Pike responded to the charges in a vitriolic letter to Hindman. "You dare to pretend, sir, that I might be disloyal, or, even in thought, couple the word treason with my name!" He closed the letter: "Whether I am respectfully yours, you will be able to determine from the contents." He took the charges to the Confederate Congress in Richmond. Pike was eventually cleared, helped in part by his friendship with President Jefferson Davis. He remained bitter about the affair and later told his daughter he resigned because he was tired of working for men of inferior intelligence.

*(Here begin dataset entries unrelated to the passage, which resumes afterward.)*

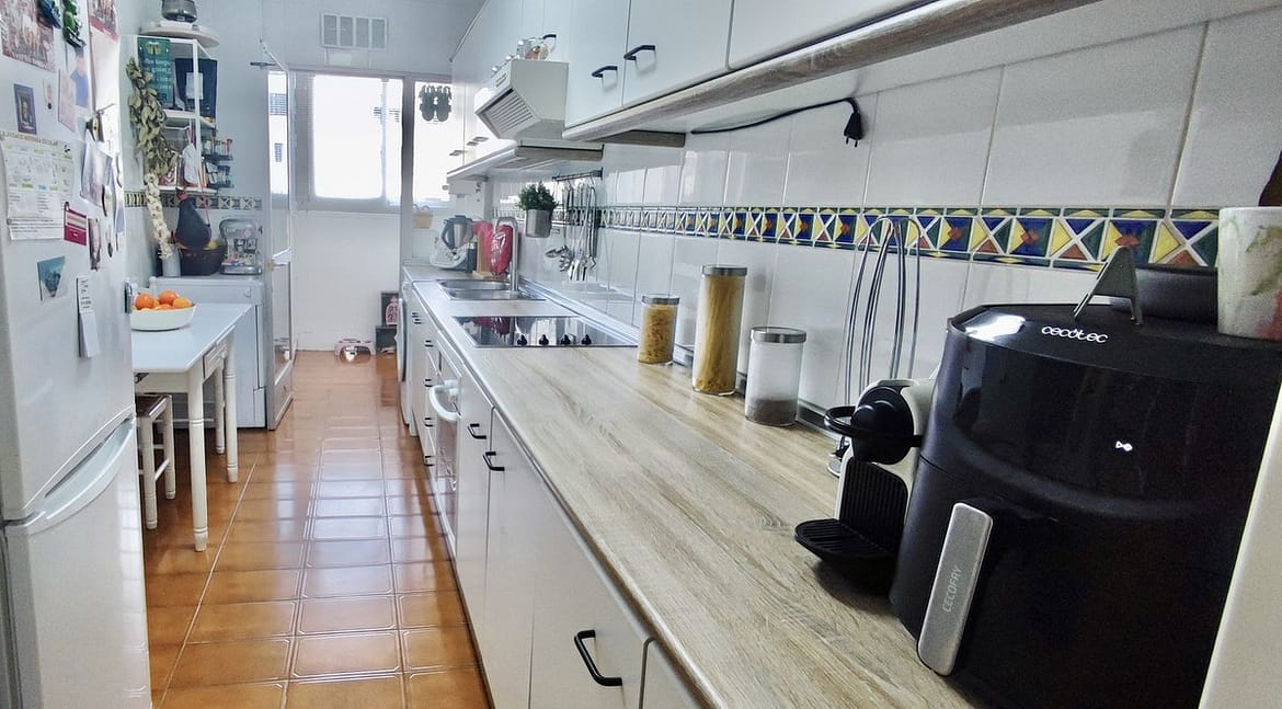 The property is located on the second floor of a building with a lift and has a floor area of 107 m², distributed over a master bedroom, two secondary bedrooms, a full bathroom (with the possibility of adding a second bathroom), a fully fitted and equipped separate kitchen with utility room, and a spacious living-dining room of approximately 25 m² with direct access to a pleasant 8 m² terrace, facing east and with unobstructed views of the communal areas.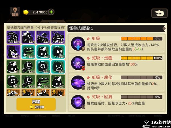 3、第一个技能强化到下一级需要5个绿色怪物,第二个技能需要5个蓝色怪物,第三个技能需要5个紫色怪物,第四个需要5个橙色怪物;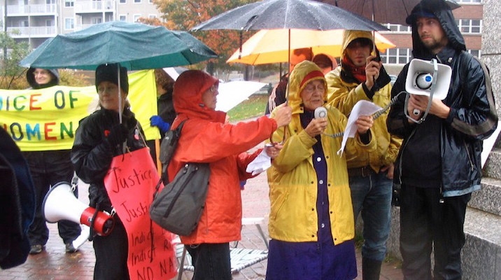 我很想看到贝蒂·彼得森(Betty Peterson)、穆丽尔·达克沃斯(Muriel Duckworth)和许多其他领导这座城市和平运动的女权主义长者的雕像。也许有一天,我们会看到挑战资本主义、父权制和种族主义殖民军事机器的女性代表。她们采取了激进的行动,把自己绑在桥上抗议核武器。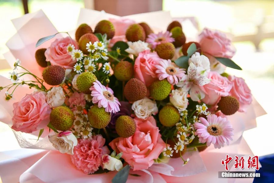 图为刚摘下的海口火山荔枝王,红艳饱满的果实缀着翠绿枝叶,新鲜得仿佛还带着晨露。凌楠 摄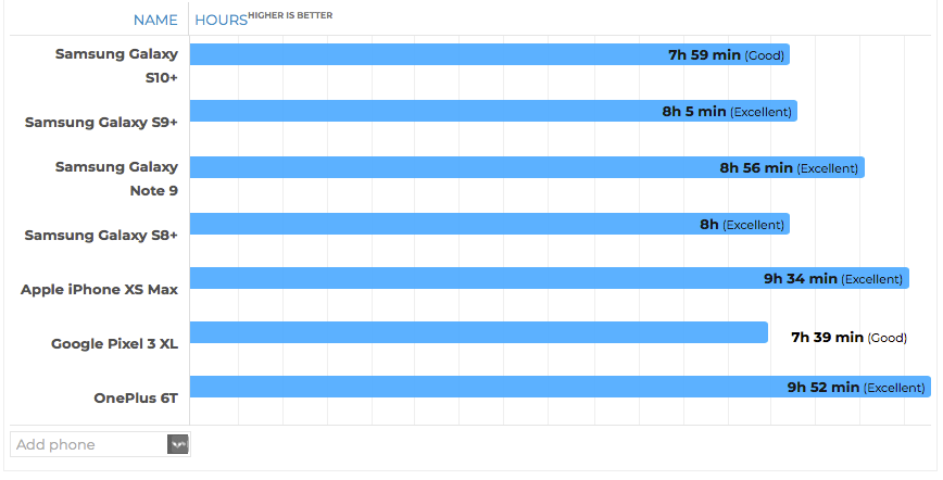 Как оказалось, 4100 мА·ч не так уж и помогли. Смартфон смог проработать 7 часов 59 минут. Это хороший результат, но не фантастический. Особенно, если учесть, что конкурирующие iPhone XS Max и OnePlus 6T, а также прошлогодние Samsung Galaxy S9+ и Galaxy Note9 показали результаты лучше. Что уж говорить, даже Samsung Galaxy S8+ двухлетней давности обогнал Galaxy S10+, хоть и всего на одну минуту. Результат хуже показал Google Pixel 3 XL.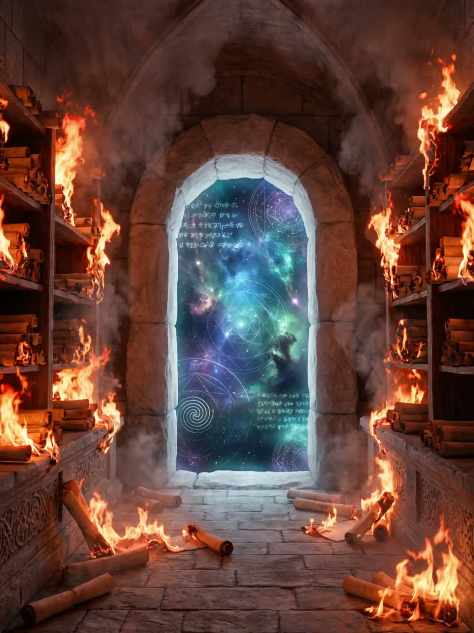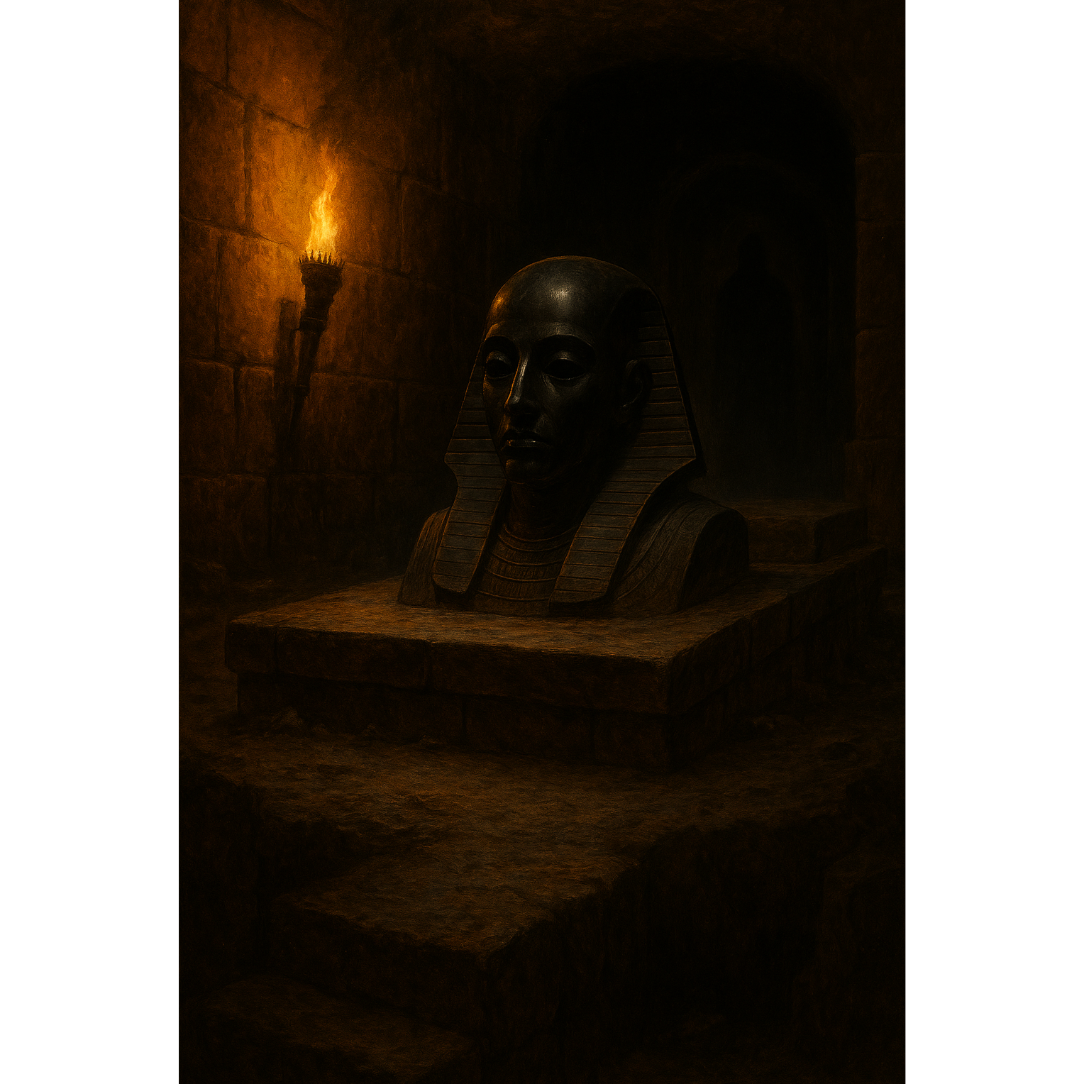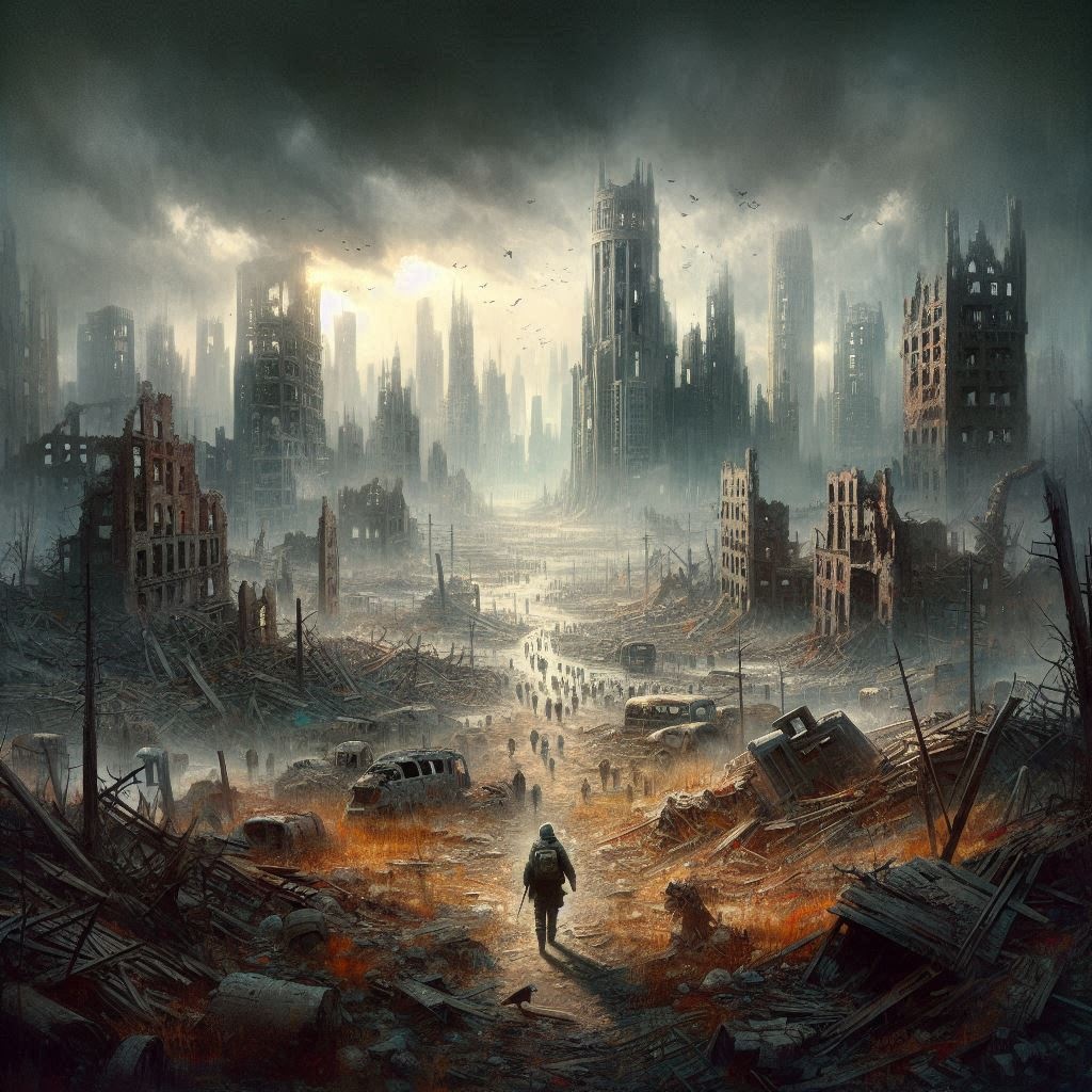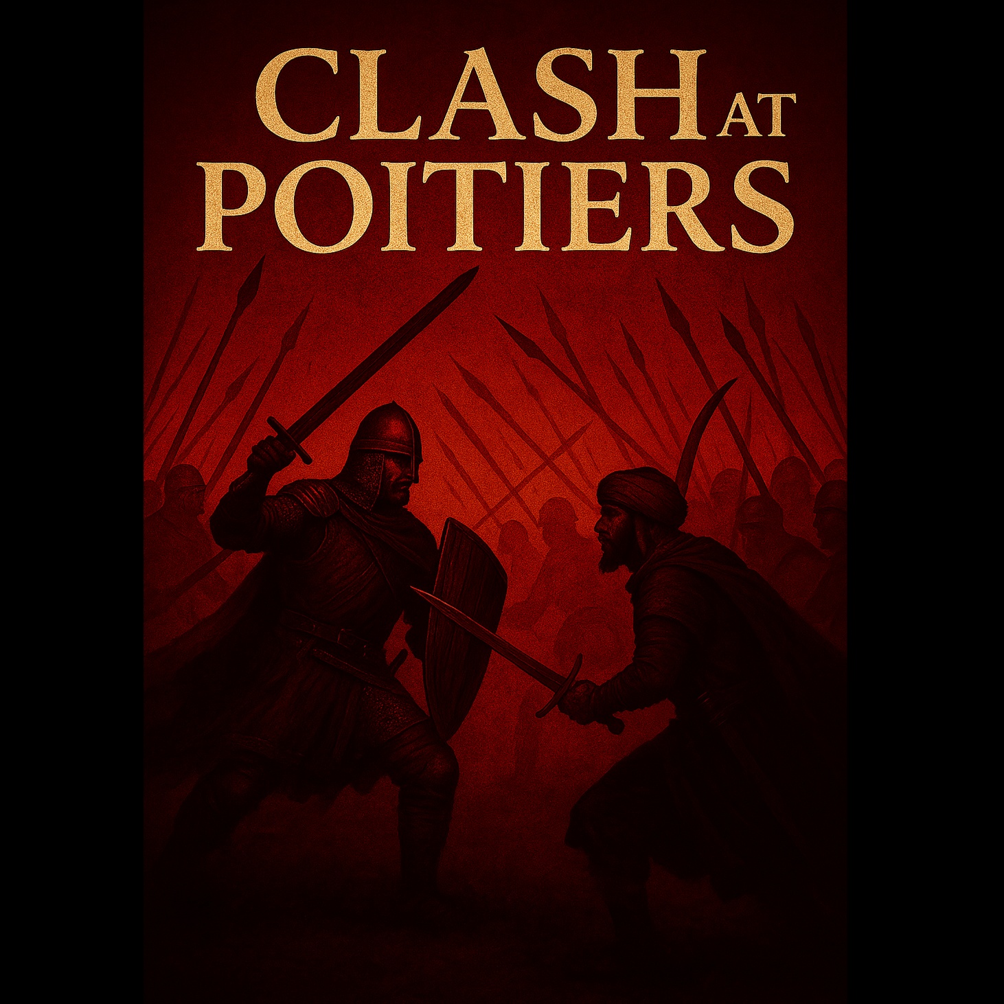 Dark, distorted guitar riffs drive relentless energy, shifting between crushing power chords and chaotic shredding solos, Thunderous double-kick drums pulse unpredictably, interwoven with Darabuka and Daf rhythms, adding rapid Eastern accents, Oud and Kanun melodies twist through the heaviness, shaped by eerie Maqam scales, A piercing soprano voice rises above guttural war chants, clashing with distorted battle cries, Echoed whispers and cinematic brass add grandeur, while violins cut through the destruction, After a brief silence, the final crescendo erupts, guitars roaring, trumpets blaring, and percussion spiraling into an unstoppable climax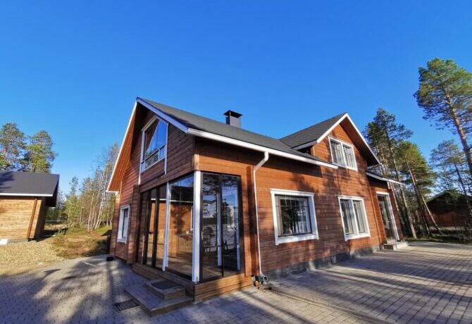 The villa is located in the very north of Finland in the tourist center of Ivalo. It is located on the banks of the Ivaleyoki River and Lake Inari. The accommodation is 315 km from Murmansk.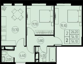 📚 Какая площадь двухкомнатных квартир?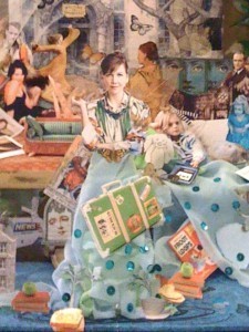 Krissie: When I was about twenty I did a scrapbook of pictures that were evocative to me. Mixed words with photos and stuff. So that was what I thought of when I did my first book collage. I had this historical and I was having trouble getting into it so I cut out photos that made me think of the book. but it was much too literal. It ended up just pasting pretty pictures on poster board.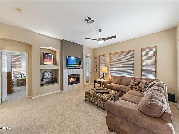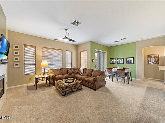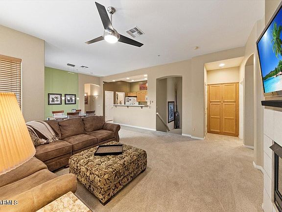 This immaculate 2-bed, 2-bath townhome spans 1,338 square feet & is situated in the highly sought-after McDowell Mountain Ranch Master Planned Community. The lush carpet & tile flooring complement the open & airy floor plan, filled with an abundance of natural light. The fabulous corner end unit boasts 2 south-facing balconies, providing stunning sunrise views. Enter into the living room which features a cozy gas fireplace, 3 ceiling fans & seamlessly connects to the eat-in-kitchen w/ maple cabinetry, ample counter space, a peninsula w/ breakfast bar seating for 3+, & casual dining w/ a balcony. The split floor plan includes a master bedroom w/ balcony access, walk-in closet & a full bathroom w/ dual sinks, shower & private toilet room. The guest bedroom, located...(CONTINUE READING)... off the living room, offers built-in desk space, a balcony & a full bathroom. Additional highlights include a 1-car attached garage w/ plenty of storage space, new water heater, Ring security system, under cabinet LED lighting, Web enabled thermostat, Bosch dishwasher and more!.. Enjoy community amenities such as a beautiful resort-style pool, spa, fitness center, tennis courts, parks & trails....all conveniently located close to shopping destinations.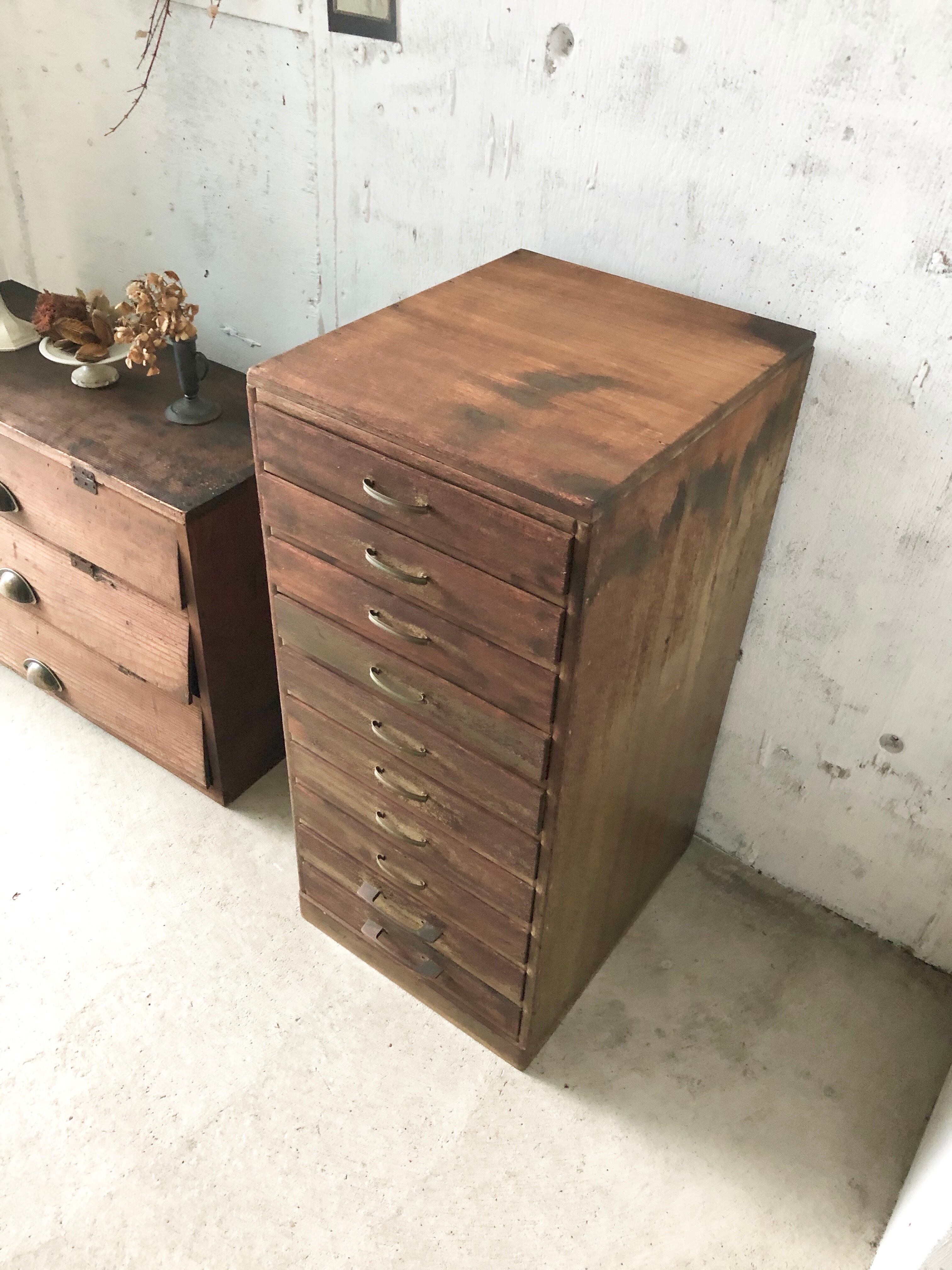 経年変化の味のある木肌と取手が雰囲気の良い収納棚。10杯の引出しが綺麗に並んだ素敵な佇まいです。引出し中は少し汚れがありますが、状態は良いです。リビングや作業スペース、趣味部屋で紙物、書類、パーツ、細々したものなどの収納棚としても活躍してくれそうです。
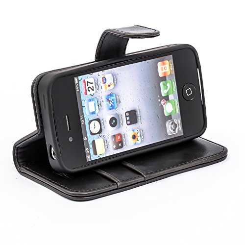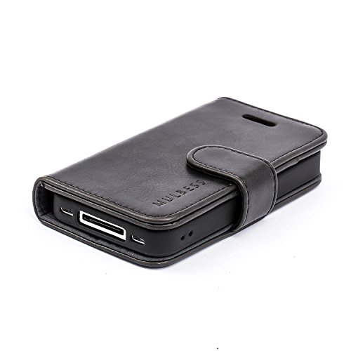Mulbess Custodia per iPhone 4s / iPhone 4, Custodia Magnetica Flip con Chiusura, Sintetica Portacellulare Protezione, Vintage Nero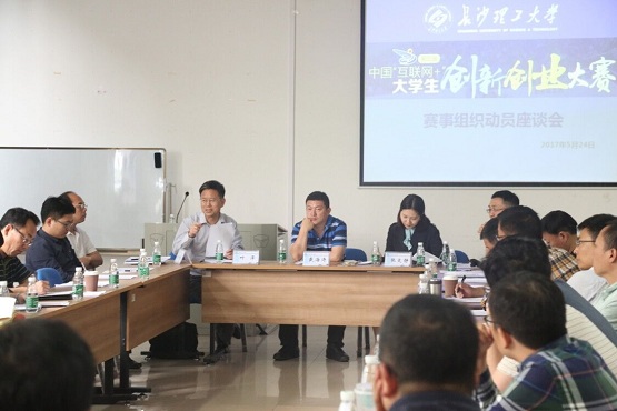 5月24日下午,我校第三届“互联网+”大学生创新创业大赛动员及赛事组织工作座谈会在大学生创新创业园召开。本次会议由学校大赛副组长、副校长叶泽主持,与会人员有各专业学院教学副院长、副书记、分团委书记、创新创业教育学院及校团委主要负责人等。我校部分大学生创新创业团队代表参加会议。此外,本次座谈会特别邀请了三位全国大赛评审人出席。分别是:全国高校创新创业投资服务联盟副秘书长、梧桐高创资本合伙人、北京1617科技公司创始合伙人戴海涛;长沙启迪科技孵化器有限公司执行总经理、启迪之星高级投资代表、中国“互联网+”大学生创新创业大赛专家委员会委员、省赛评委张文静;三一众创孵化器有限公司常务副总经理、中国“互联网+”大学生创新创业大赛专家委员会委员、省赛评委张兴霖。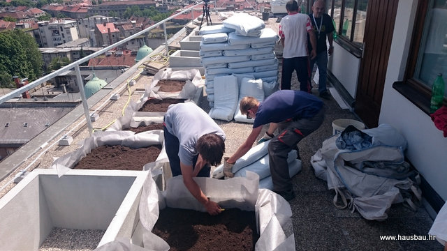 Kutije XPS Maestro obložene su građevinskim ljepilom i mrežicom te impregnirane nano premazom. Budući da su bez dna, sva 73 elementa povezana su u jedan sustav odvodnje, zajedno s procjednim plohama kulir ploča, položenim u šljunak, na drenažno-akumulacijskom kadicama iz Bauder sustava krovnih vrtova. Plodni supstrat, koji je gotovo upola lakši od zemlje, uz sustav navodnjavanja, omogućava stanarima da bez puno brige o bilju, uživaju u zelenilu na svom krovu. Jasno, bilje povremeno traži njegu, prihranu i pljevljenje, što su neki od stanara već zdušno prigrlili kao rekreaciju na dohvat ruke.

Pike returned to his home in Arkansas and resumed his writing (and his involvement with the Freemasons). He was recognized both as a novelist and a poet. One of his poems, "Reflections," shows his bitterness over the war and his resolution to leave it behind:
Out on this wretched party-war!
Where the best weapons, trick, chicane,
And perjury and cunning are,—
Its picked troops, scoundrelism's train—
Where baser men outweigh the best,
Lies always over truth prevail,
Wisdom by numbers is oppressed,
Knavery at Virtue dares to rail,
Slanders the brightest name assail;
Victory in such a war humbles the victor's crest.
Henceforth, myself I dedicate
To other service. Let me read
Thy pages, Nature — though so late
Thy voice of reprimand I heed.
From bud and leaf, from flower and bloom,
From every fair created thing,
Thy teachings will my soul illume,
So long in darkness slumbering;
That when to life's bright sunny Spring,
Autumn succeeds, it may not all my hopes entomb.